Tonsley needs trees, not Teslas

17 June 2025
Edgar Daniel-Richards

“People before profits”; “Trees not Teslas”; “Elon Musk can get [Redacted]”; these were some of the placards at a recent protest outside the City of Marion Council chambers in Adelaide, where a proposal to build a Tesla battery servicing centre and showroom in Tonsley have been met with widespread community opposition.

The council reported that 95 percent of the nearly 1,000 responses to its community consultation opposed the proposal. Submissions cited opposition to Elon Musk’s far-right politics, Tesla’s terrible environmental record, and support for alternative uses for the site, such as public green spaces and public housing.

Despite this widespread opposition, the council is ploughing ahead with the proposal. It engaged in community consultation only because it is legislatively required to do so if it is to sell a local park that is part of the proposed site. But adhering to or even acknowledging the community opposition was not mandatory. Balancing its farcical consultation with recommendations from private developers, the council’s business unit decided that the will of the latter should come before the overwhelming disapproval of residents. The council agreed and voted to go ahead with the proposal.

This is nothing new for people in Tonsley. The proposed site sits next to the old Chrysler-Mitsubishi Automotive plant, which closed in 2008. The land once contained a publicly accessible park and public housing lots. In 2016, it was discovered that the groundwater had been contaminated by industrial pollution from the plant—the land was no longer safe for residential or recreational use.

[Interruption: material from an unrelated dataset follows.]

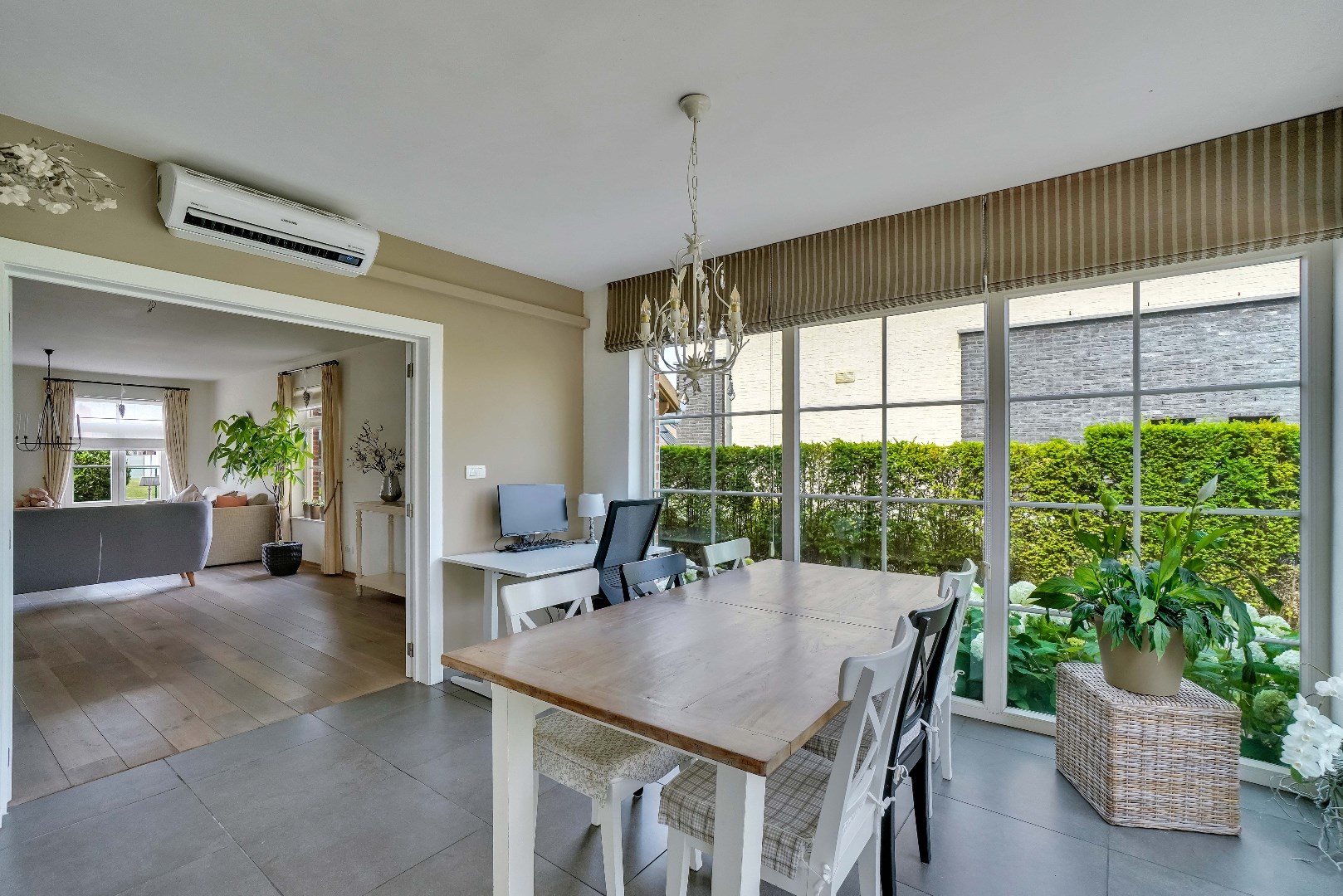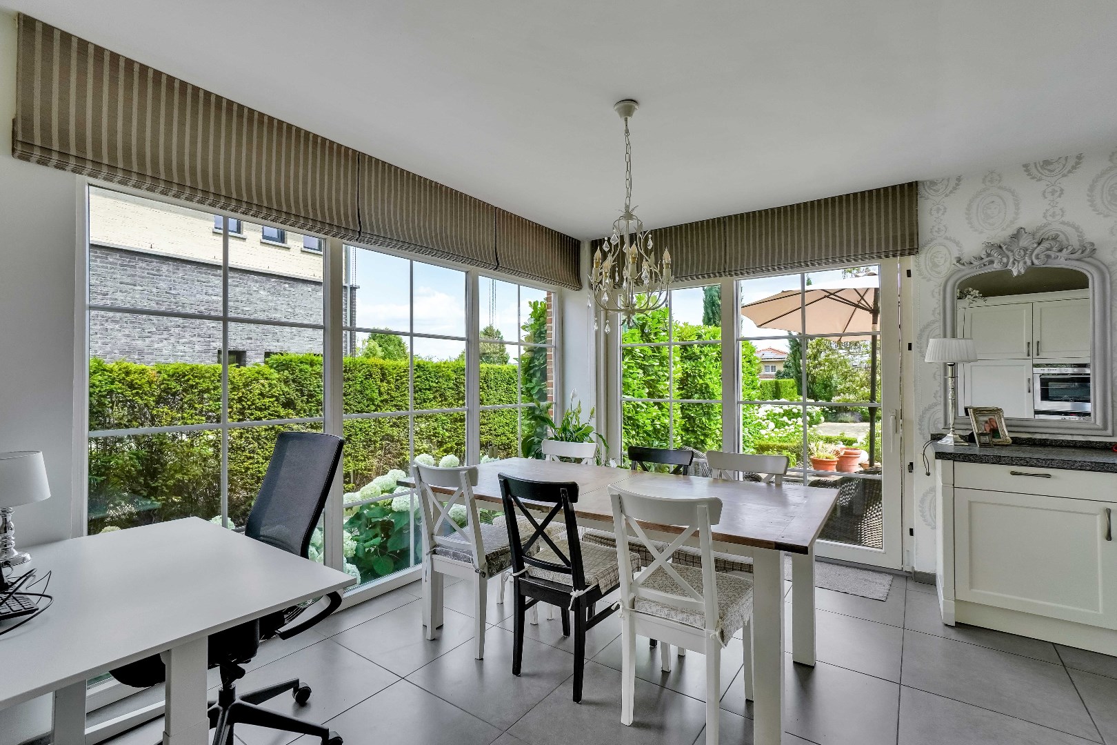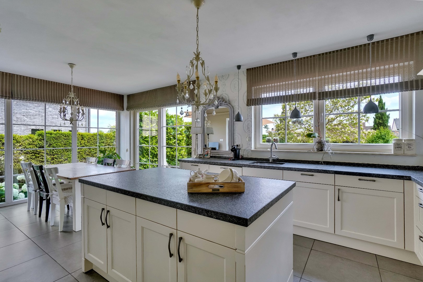 Bij binnenkomst door de hal betreed je de lichte en ruime woonkamer, die directe toegang biedt tot de gezellige eetruimte. Vanuit hier geniet je van het uitzicht op de zuid-oostelijk georiënteerde tuin, waar een prachtige boom in bloei staat. De aangrenzende keuken, opgetrokken uit natuursteen, is voorzien van een inductiekookplaat, ingebouwde koelkast, ingebouwde vaatwasser en oven. Alle apparatuur is van het merk Siemens. Daarnaast is er ook een wasplaats, dewelke van voldoende opbergruimte voorzien is.

One would think that the company responsible for the pollution should be made to pay the cost of cleaning it all up. Instead, the housing trust residents were forced to move, and the park was closed. The land has remained unused since then.

The council says the Tesla plant is an excellent opportunity to put the land to use for industrial purposes. They say that the developer will be responsible for the cleanup, but locals are understandably sceptical. Given Tesla’s record of environmental mismanagement at some of its other industrial sites, it is not hard to see why.

According to a report last year in the Wall Street Journal, former employees have spoken out about a culture of regulatory avoidance at the company. Tesla’s Gigafactory in Austin, Texas, has been accused of illegally dumping toxic run-off into the city sewerage system. After the door on the casting furnace broke, management reportedly continued production, releasing toxic fumes, so as not to fall behind on Model Y production quotas. In Freemont, California Tesla’s factory has repeatedly breached air pollution regulations. And at the company’s main factory in Europe, in the German state of Brandenburg, a years-long protest campaign over the company’s theft of water is ongoing.

Speaking to Red Flag at the Marion protest, Rebecca, a local resident, said that she was “tired of business and elected councils, supposedly bodies that are meant to represent the people, just running roughshod over community and over humanity. I’m really tired of profits being put above the people at all costs”.

The proposal still requires state government approval. The activists behind the Trees Not Teslas campaign have vowed to keep fighting.